The problem with this is it’s the same serve. Over the course of a game, when you keep hitting that same serve to your opponents over and over again you are actually training them to beat you. They know what to expect and get to practice repeatedly.
Instead a serve should be a set of tools in your toolbox. Sure you have your go to, but you need several options. Vary where you stand, where you serve to, the speed, height, and spin on your serve, everything.
Over the course of the game you should be analyzing the opponent seeing what they are expecting, their strengths, weaknesses, what makes them uncomfortable.
Have a powerful serve with topspin that pushes them all the way back at the edge of the baseline, then follow it up with a short lollipop shot falling short at the outside corner just past the kitchen.
7. Playing Tennis
No need to pretend. Some of you reading this are coming over from tennis.
And that’s totally fine.
Expanding the sport to other groups is awesome, but let’s remember not to forget which game we’re playing.
Everyone has played a pickleball game with someone who sits at the baseline and tries to win the rallies with solely groundstrokes and bangers, as if there’s a laser tripwire that goes off if they cross in front of the baseline.
So much of pickleball is won around the kitchen you can’t afford to play this way.
8. Hitting Low Drop Shots
This one is very counter intuitive, I actually needed a coach to explain this several times before it clicked. I’m going to my best over text.
Too many times on drop shots, players hit the ball really low trying to just clear the net. The idea is to get the ball to drop right in front of the net so they figure they’ll hit it as low as possible.
But they put no arc on the pickleball. The problem is to hit this way the only way to clear over the net is to put power behind the ball. The trajectory of the ball is flat, so all that momentum carries the ball further into the opponent’s back court.

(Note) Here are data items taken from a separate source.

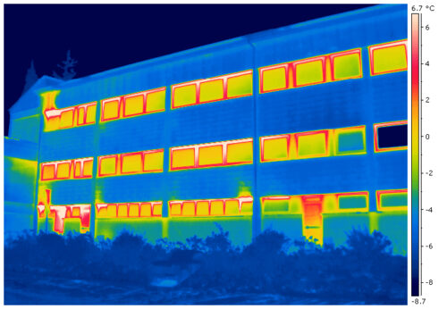 Mit Hilfe einer hochkomplexen Infrarotkamera werden Wärmebrücken und Wärmeverluste registriert, die entsprechenden Flächen sind auf den Bildern farblich dargestellt. Auf der Grundlage des Energieberichts können dann konkrete und gezielte Energiesparmaßnahmen eingeleitet werden.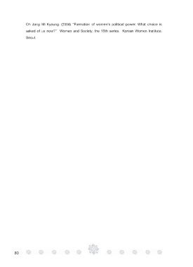 Oh Jang Mi Kyoung. (2004) çFormation of womenûs political power: What choice is asked of us now?é Women and Society, the 15th series. Korean Women Institute, Seoul. 80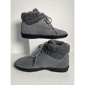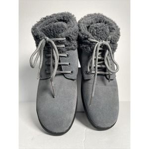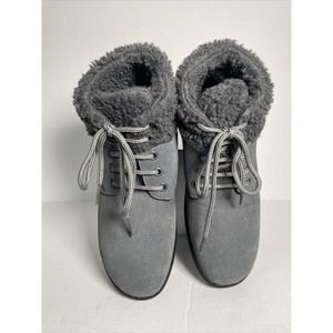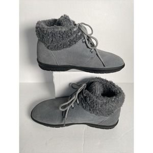 Heavenly Comfort Gray Sherpa Leather Suede Ankle Boots Size 7W Woman’s Booties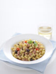 3) Monda le cime di rapa: stacca le infiorescenze e le foglie più tenere e lavale sotto acqua fredda corrente. Quindi sbollentale in acqua salata per pochi istanti; scolale e ripassale in padella con un filo d'olio, lo spicchio d'aglio pestato e i peperoncini.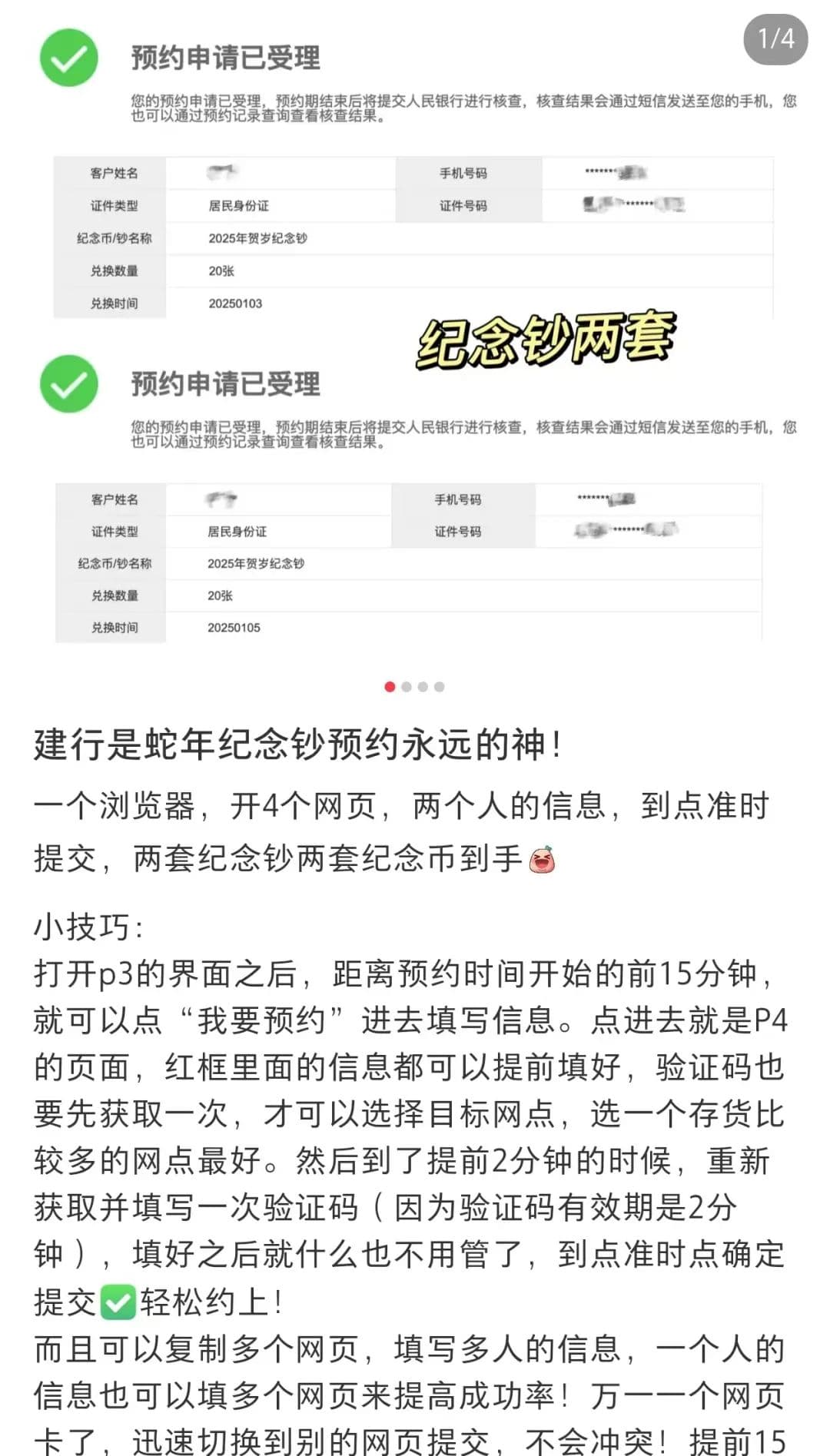 开启预约当天,有网友晒出通过银行网页成功预约蛇币、蛇钞的攻略。(图/小红书截图)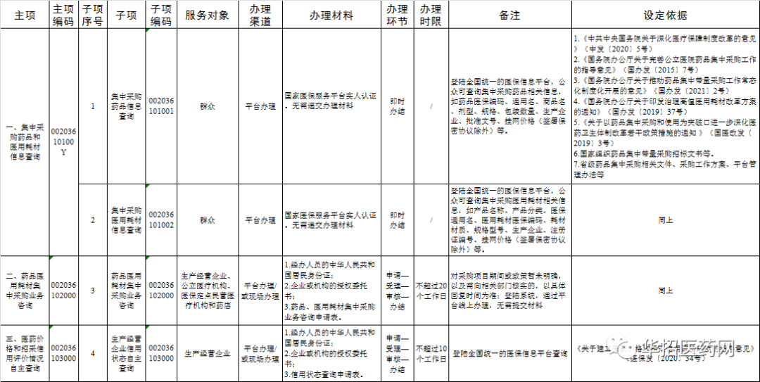 药品和医用耗材集中采购公共服务事项清单
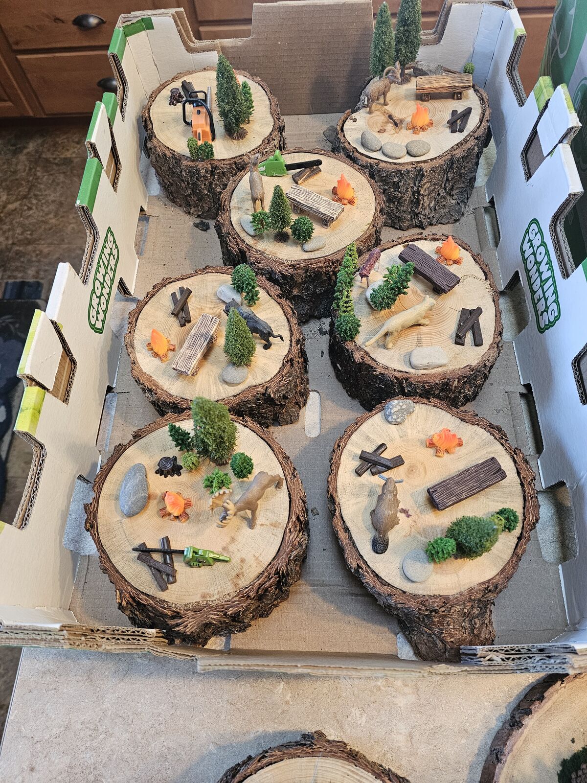 PayPalThese are crazy fun centerpieces - wildlife, campfire, benches, chainsaws, etc. miniatures on rough cut logs.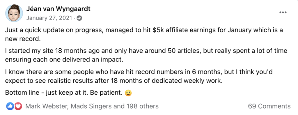 David is an ambitious guy. From day 1, his goal was to reach 5-figure per month with his Authority Site System website.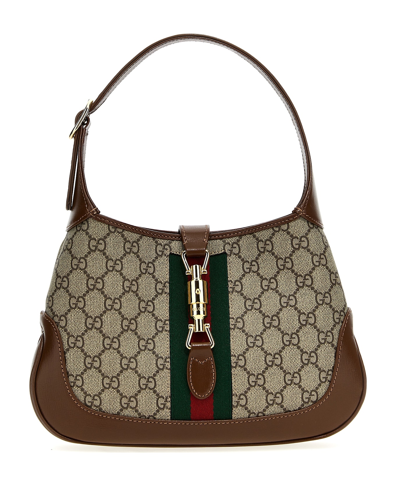 Small 'Jackie 1961' shoulder bag in GG Supreme fabric with leather details, web ribbon, piston closure, adjustable handle, adjustable and removable leather shoulder strap. Composition: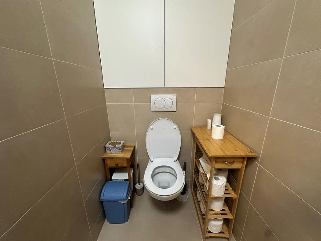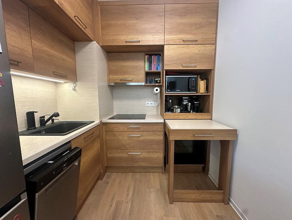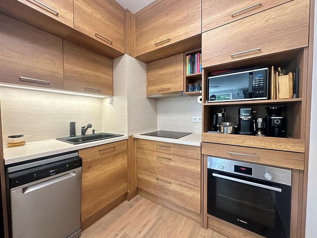 A lakás egyik kiemelt értéke az egységesen, átgondolt koncepció mentén kialakított, beépített bútorzat, amely esztétikailag és funkcionálisan is magas színvonalat képvisel. A konyha teljeskörűen gépesített.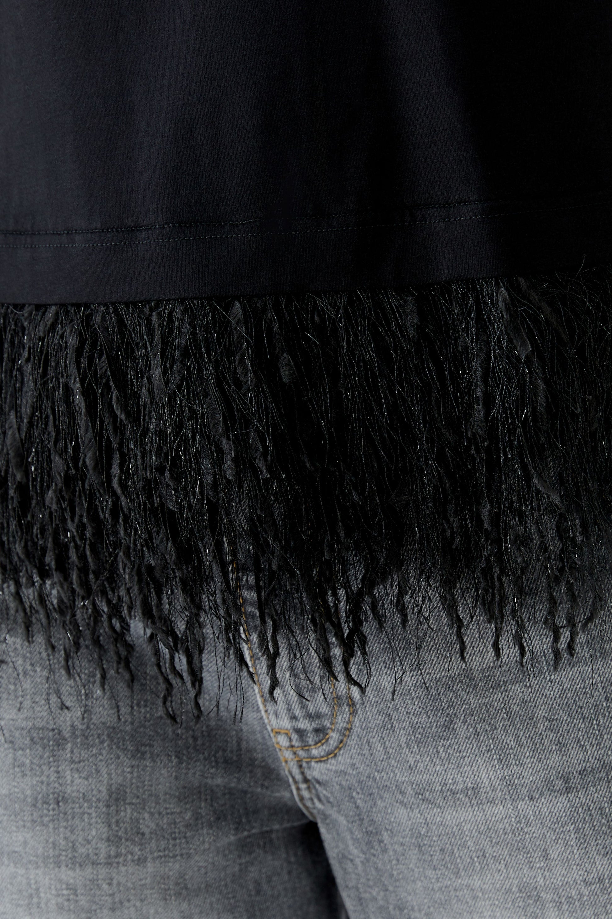 Highlight T-shirt with extravagant hem: Fringe fabric with fine glitter yarn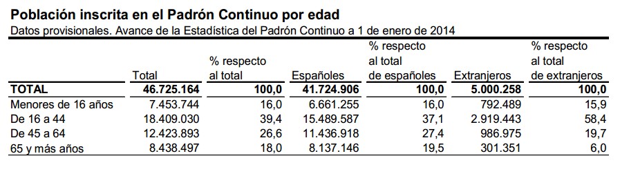 España no sólo está perdiendo población sino que, además, acelera su ritmo de envejecimiento demográfico. El país contaba con un total de 46,7 millones de habitantes a 1 de enero de 2014, unas 540.000 personas menos que dos años antes, debido al éxodo que está registrando la población extranjera como consecuencia de la crisis.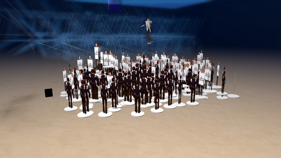The performance was part of an ongoing series of works on identity and place in the ‘virtual’ space of Second Life.
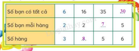 - Muốn tìm số hàng ta lấy số bạn có tất cả chia cho số bạn mỗi hàng.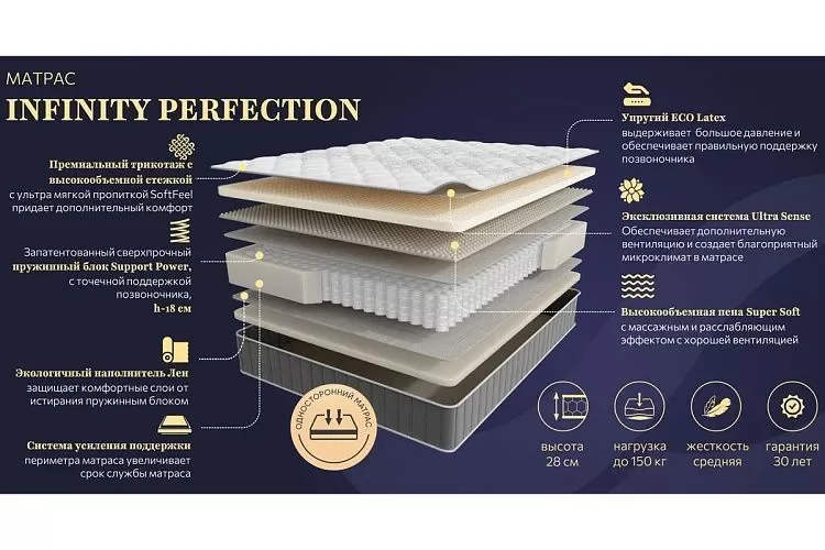 Матрас INFINITY PERFECTION 1200*2000мм (Эколатекс/пена/лен, ср.жесткости, h28см) в Ишиме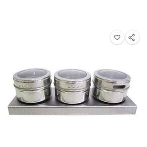 Porta tempero condimento magnético inox 3potes imã geladeira Super kit com 3 porta temperos condimentos magnético inox 3 potes imã geladeira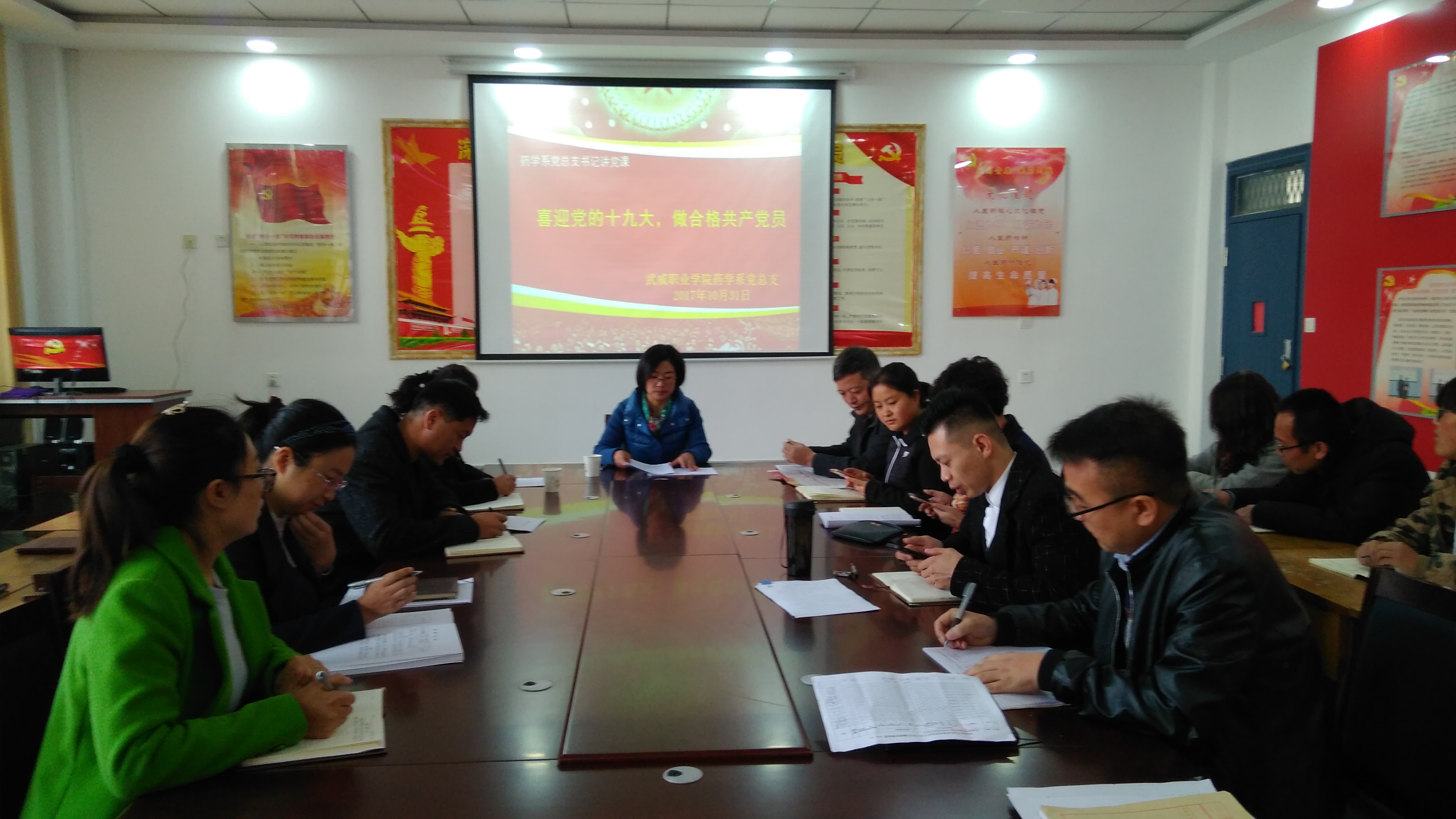 為深入學(xué)習(xí)宣傳貫徹十九大精神,10月31日,藥學(xué)系黨總支舉行了專題黨課學(xué)習(xí)活動(dòng)。組織人事處處長(zhǎng)、藥學(xué)系黨總支書記何毅為與會(huì)黨員作了專題報(bào)告。何毅以“喜迎黨的十九大,做合格共產(chǎn)黨員”為主題,從十九大報(bào)告中體現(xiàn)的新時(shí)代、新使命、新思想、新征程四個(gè)創(chuàng)新點(diǎn)入手,深刻而又生動(dòng)的講解了“黨的十九大報(bào)告重大理論問題”的內(nèi)容和深刻含義,并對(duì)黨員如何理解黨的十九大做出重要指導(dǎo)。藥學(xué)系全體黨員以及第十八期入黨積極分子培訓(xùn)班成員參加了專題黨課活動(dòng)。

But this is the antithesis of a drop shot!
A drop shot should stop dead near the kitchen and force the opponent to sprint up to get to it in time. You can achieve this by keeping the same power on the ball but angling your power higher to get more arc. Adding a little backspin will work wonders as well
See what I mean below.
9. Small Margins and Small Targets
Of all the pickleball mistakes this one is arguably the most fixable.
Too many times players overestimate their abilities and try to squeeze as little space between their shot and the out of bounds area as possible. They want to just clear the net by a half inch. The ball needs to graze the baseline to get as deep as possible on a serve.
The problem is you leave yourself no room for error and marginal returns for succeeding are low.
What’s the extra benefit of getting the net 6 inches deeper or wider on a shot. The pickleball court is small. In doubles there are few shots that someone can’t get to. More often it comes down to the first team to make a mistake. In order to minimize this, you need to give your shots a bigger margin for error.
10. Trying to Match Pace
The final pickleball mistake is trying to match pace and power when your opponent is hitting very hard shots at you.
You have to understand that they are doing that to try and get you to make a mistake and pop the ball up, so they have an angle on the next shot for an easy put away.
Many players don’t realize this so they’ll start trying to bang back and forth with the opponent before the inevitable paddle stroke, angled slightly too high, gives the opponent the opportunity they’ve been waiting for.
Instead opt for a reset shot and take all the momentum out of the play.
Wrap Up – Pickleball Mistakes
There you have it. Those are 10 pickleball mistakes that I see among players who have already have a fair amount of playing experience. Correct these, and you’re well on your way to becoming a top shelf pickleball player.